La igualdad ha sido siempre mal entendida para favorecer a una de las partes, generalmente la que se considera más débil y desprovista de protección. Pocas veces se colocan en una balanza ambos intereses de manera equitativa para que se mantenga el mismo nivel y no haya inclinaciones hacia uno u otro de los lados, ya que esa igualdad debería ser un camino simétrico de doble vía que como se va, se vuelva.
Si la liberación femenina nos llevó a poder acceder a mejores ofertas laborales e ingresos, que también nos conduzca a que sean mayores los aportes nuestros en la economía del hogar. Que cada cual contribuya con la manutención de los hijos, en la proporción de sus posibilidades, porque fueron procreados por los dos y la responsabilidad es compartida.

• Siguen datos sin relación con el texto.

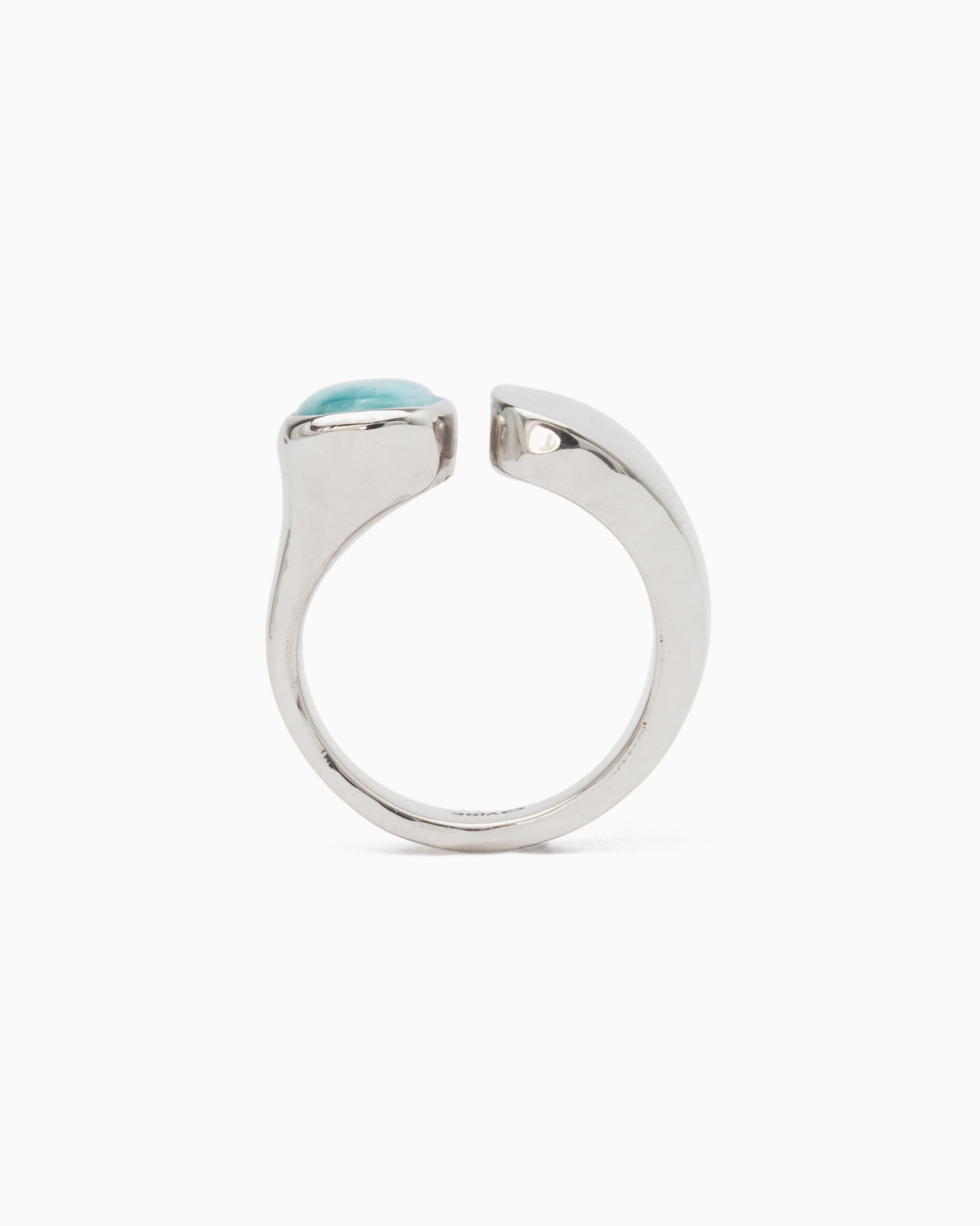 The Open Band Stone Ring is handcrafted with gently hammered sterling silver and features a larimar cabochon. The opening in the center adds a unique touch. Elevate your style effortlessly by adding this versatile ring to your collection, ensuring you always have the perfect finishing touch for any outfit.

Si se está objetando la poca participación de las mujeres en los lugares de trabajo o en la política, que nos elijan por nuestro talento y preparación, no por pena, guardar las apariencias, cara bonita o para llenar una cuota. Lo que es realmente relevante es que llegue el día en que poco importe que el superior tenga falda o pantalones porque su capacidad superará cualquier disquisición de esa especie en que el género sea indiferente; que nos prefieran por ser las mejores, no por ser mujeres.
La lucha por la unidad debería estar centrada en que nadie tenga que arrepentirse de haber elegido a una mujer para una determinada posición y que ella no haga de su género una justificación para sus errores, debilidades o inconsistencias. Se es humano, antes que mujer.
Que, si en la ley de divorcio se protege a la mujer con la hipoteca legal de la mujer casada, la pensión ad litem y las publicaciones en el periódico para alertarla de un procedimiento por domicilio desconocido, en la misma medida pueda el hombre disfrutar de esas facultades en un plano de equilibrio porque también puede ser defraudado en sus derechos. No se puede pretender tener lo mejor de los dos mundos. Liberada, para hacer lo que se me plazca, sin darle explicaciones a nadie y a mis expensas y subyugada, para que me mantengan, me paguen las cuentas, me abran la puerta y atiendan todos mis caprichos. En principio, todos somos iguales ante la ley, pero parece que unos somos más iguales que otros.